Not all policy can be evidence-based, in the sense that the evidence decides the policy. For instance, should we build another runway at Heathrow? There’s one body of evidence that says that it will significantly increase the UK’s greenhouse gas emissions and will not be compatible with our commitments under the Paris Agreement. There’s another body of evidence that says it will create jobs and grow the economy. But there’s nothing that says you have to choose the climate over the economy; that’s a political decision, or even a moral one.
Sometimes, though – often – there is a clearly defined goal, and two or more possible options for achieving it. Most of us would agree that, say, it would be good if we could stop drug addicts from relapsing or reoffending. Imagine we honestly didn’t know whether locking up drug offenders was more effective at reducing their relapse rate or their drug-related crime rate than putting them into rehab.
The best way to find out which of those options is most effective would be to randomly assign drug offenders to one or the other intervention, and seeing which had better outcomes. But, apparently, that would be far less popular than simply arbitrarily picking one and going with it.
This is, on the face of it, strange, because for at least 20 years we’ve had governments that, at the very least, pay lip service towards evidence-based policy. The Blair government loudly repeated that “what matters is what works”: one thing it did was to set up the (excellent) National Institute for Health and Care Excellence (NICE) in 1999 to evaluate new medical treatments for cost-effectiveness.
But sometimes, lip service is all it is. When, recently, the government decided to push through an age verification system for porn sites, it commissioned an impact assessment which purported to look at how this ban would affect users. But the impact assessment was shonky as heck: it misrepresented the statistics it was quoting, was heavily reliant on a silly poll which made obviously untrue claims, and at one point apparently didn’t understand the word “correlational”.

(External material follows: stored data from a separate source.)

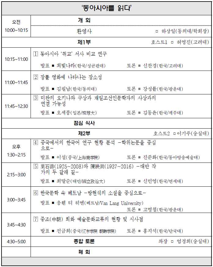 ■주제 : ‘동아시아를 읽다’ ■ 방식 : 비대면 온라인/Zoom 회의실
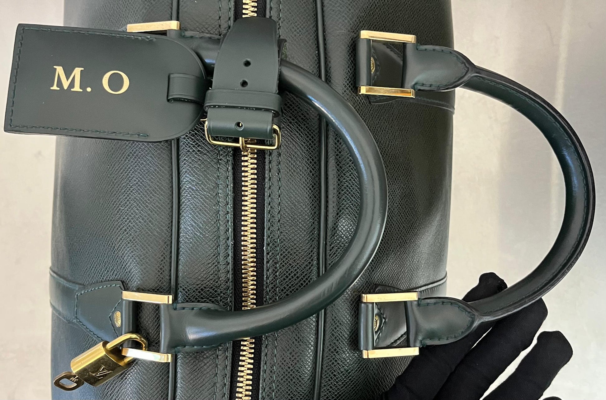 Zubehör: Schloss, Schultergurt, Namensschild mit Initialen M.O
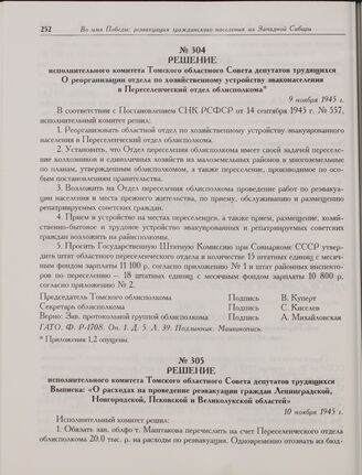 Решение исполнительного комитета Томского областного Совета депутатов трудящихся О реорганизации отдела по хозяйственному устройству эваконаселения в Переселенческий отдел облисполкома. 9 ноября 1945 г. // ГАТО. Ф. Р-1708. Оп. 1. Д. 5. Л. 39. Подлинник.
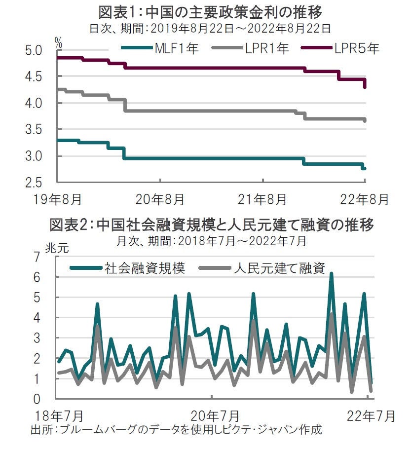 中国人民銀行は2022年8月22日に銀行貸出金利の指標となる1年物最優遇貸出金利(LPR、ローンプライムレート)を7月までの3.70%から0.05%引き下げ3.65%としました。住宅ローン金利の基準となる5年物LPRは7月までの4.45%から0.15%下げ4.30%としました(図表1参照)。
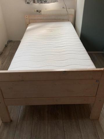 Een 1 persoonsledikant, in een white wash look. Het bed is eerst gebruikt als halfhoog slaper en later als ledikant. Het heeft door het gebruik en zonlicht gebruikerssporen maar met een mooie beits is
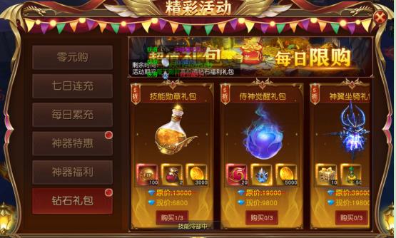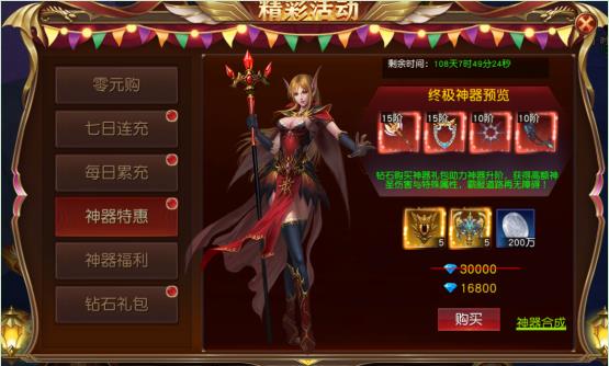 玩家通过消耗钻石可以不断重复购买神器碎片,从而激活神器以及给神器不断升阶。
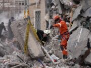 Спасатели продолжали разбирать завалы разрушенной многоэтажки с наступлением темноты.

“The dirty secret of almost all government is that we don’t know whether we’re doing the right thing.” That’s according to David Halpern, the psychologist and civil servant who ran the UK government’s Behavioural Insight Team, aka the ‘Nudge Unit’, a programme designed to improve policy, in an interview with the website Apolitical.
“Whether what we’re doing is helping the patient or not helping the patient, or even killing him. People are often running blind, overconfident, and dispensing massive sums of money.” That’s despite 20 years of people making the right noises about evidence-based policy.
I had previously thought that this was largely a cynical thing, or an incompetence thing. Ministers want to look tough on drugs or porn, so they make a decision to crack down on them, and then retrospectively cobble together evidence to support that decision – policy-based evidencemaking, as I’ve heard it called. Or perhaps they just lack the understanding of what constitutes good evidence, and the skills to gather it.
But perhaps, also, it’s that they – like, apparently, around half the population – find the very idea of randomised controlled trials, the very thing that they need to do to best assess the effectiveness of the thing they want to do, deeply uncomfortable.
Chabris and his colleagues speculate that one reason behind this discomfort is “a lack of familiarity”: the RCT has only really existed for two centuries, which isn’t long for human brains, and they aren’t very good at thinking about them. Hopefully that’s right, and we’ll get more used to it. Because at the moment, people seem to be happier with barging randomly into a policy than with actually checking if it works.